• Task requirements: Every line in the records below that holds "includes" must be identified and copied.

• Given data:
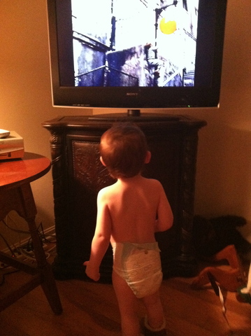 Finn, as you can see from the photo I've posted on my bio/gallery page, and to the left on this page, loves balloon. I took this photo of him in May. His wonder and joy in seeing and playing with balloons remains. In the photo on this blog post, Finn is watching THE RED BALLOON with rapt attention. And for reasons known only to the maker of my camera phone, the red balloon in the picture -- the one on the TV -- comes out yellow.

---

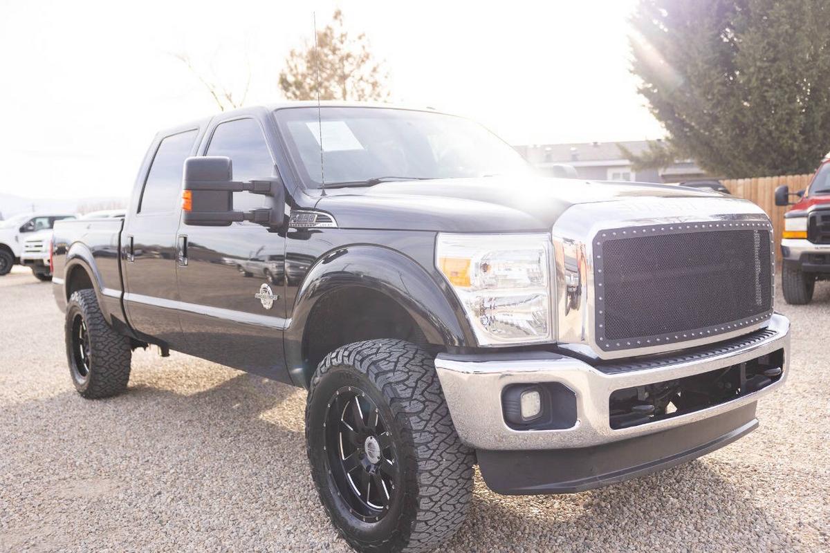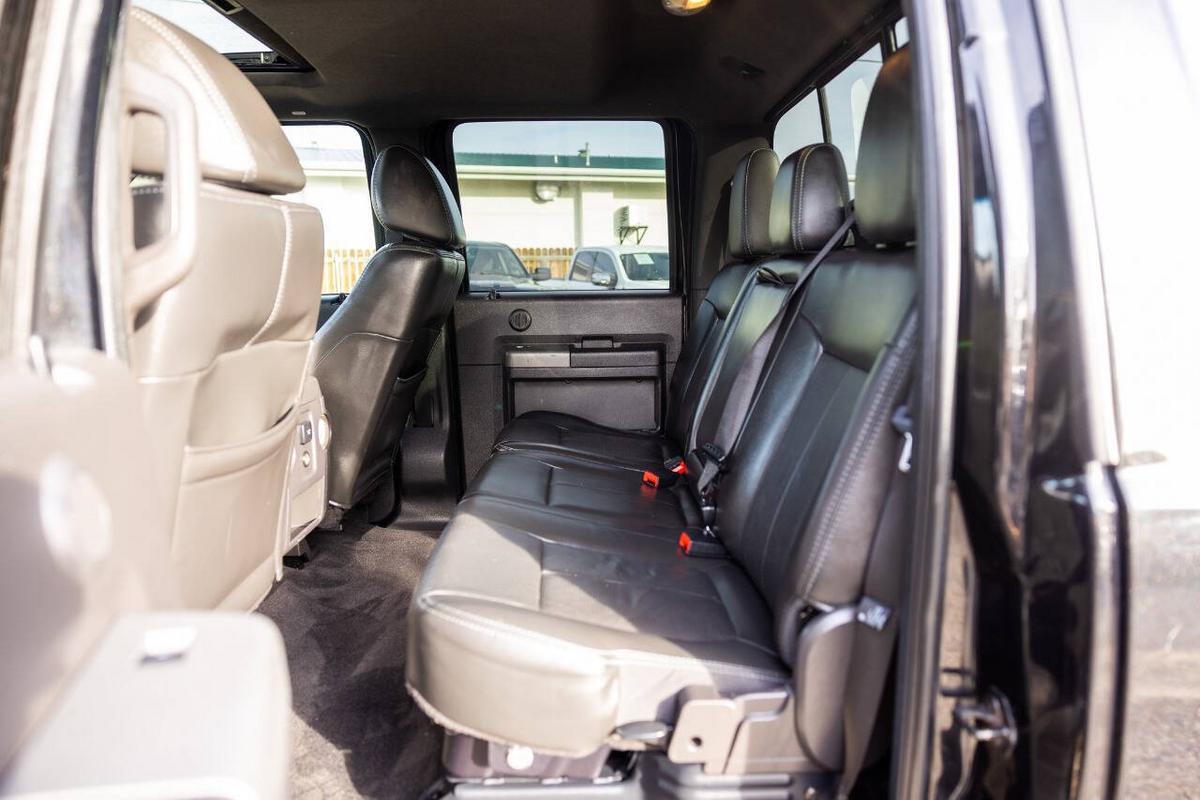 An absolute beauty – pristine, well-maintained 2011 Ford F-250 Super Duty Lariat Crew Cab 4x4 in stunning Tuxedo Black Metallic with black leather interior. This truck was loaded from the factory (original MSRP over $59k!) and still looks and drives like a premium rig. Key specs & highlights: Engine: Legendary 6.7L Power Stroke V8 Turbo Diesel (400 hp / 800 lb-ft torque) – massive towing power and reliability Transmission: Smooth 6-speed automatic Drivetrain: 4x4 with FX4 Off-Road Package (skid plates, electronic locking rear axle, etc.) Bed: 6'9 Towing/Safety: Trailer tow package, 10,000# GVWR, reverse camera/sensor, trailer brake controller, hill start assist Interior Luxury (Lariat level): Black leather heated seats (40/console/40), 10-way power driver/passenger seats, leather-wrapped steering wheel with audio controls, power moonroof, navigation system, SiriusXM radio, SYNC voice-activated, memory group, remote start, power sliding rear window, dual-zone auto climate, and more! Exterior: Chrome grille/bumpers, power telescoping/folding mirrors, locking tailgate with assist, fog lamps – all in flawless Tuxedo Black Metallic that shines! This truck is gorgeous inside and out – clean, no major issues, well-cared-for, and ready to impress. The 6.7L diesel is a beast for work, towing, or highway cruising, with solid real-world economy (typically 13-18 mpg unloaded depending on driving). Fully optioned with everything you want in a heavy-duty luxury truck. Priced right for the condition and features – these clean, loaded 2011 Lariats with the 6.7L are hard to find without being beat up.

---

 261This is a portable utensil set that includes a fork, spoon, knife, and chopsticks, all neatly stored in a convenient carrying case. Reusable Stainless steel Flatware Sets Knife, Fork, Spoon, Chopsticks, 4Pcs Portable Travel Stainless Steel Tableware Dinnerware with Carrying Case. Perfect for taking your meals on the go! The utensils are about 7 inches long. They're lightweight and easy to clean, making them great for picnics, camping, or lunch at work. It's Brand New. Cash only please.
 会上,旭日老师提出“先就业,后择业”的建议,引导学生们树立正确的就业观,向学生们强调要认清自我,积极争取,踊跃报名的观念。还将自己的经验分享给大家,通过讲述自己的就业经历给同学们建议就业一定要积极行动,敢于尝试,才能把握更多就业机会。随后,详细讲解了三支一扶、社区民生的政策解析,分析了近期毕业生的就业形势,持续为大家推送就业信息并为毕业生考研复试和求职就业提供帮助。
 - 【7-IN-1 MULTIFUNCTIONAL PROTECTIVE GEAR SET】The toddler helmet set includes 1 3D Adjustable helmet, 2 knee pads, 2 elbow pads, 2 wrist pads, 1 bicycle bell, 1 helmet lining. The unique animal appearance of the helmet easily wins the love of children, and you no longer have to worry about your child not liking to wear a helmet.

• Answer to the problem:
 261This is a portable utensil set that includes a fork, spoon, knife, and chopsticks, all neatly stored in a convenient carrying case. Reusable Stainless steel Flatware Sets Knife, Fork, Spoon, Chopsticks, 4Pcs Portable Travel Stainless Steel Tableware Dinnerware with Carrying Case. Perfect for taking your meals on the go! The utensils are about 7 inches long. They're lightweight and easy to clean, making them great for picnics, camping, or lunch at work. It's Brand New. Cash only please.
 - 【7-IN-1 MULTIFUNCTIONAL PROTECTIVE GEAR SET】The toddler helmet set includes 1 3D Adjustable helmet, 2 knee pads, 2 elbow pads, 2 wrist pads, 1 bicycle bell, 1 helmet lining. The unique animal appearance of the helmet easily wins the love of children, and you no longer have to worry about your child not liking to wear a helmet.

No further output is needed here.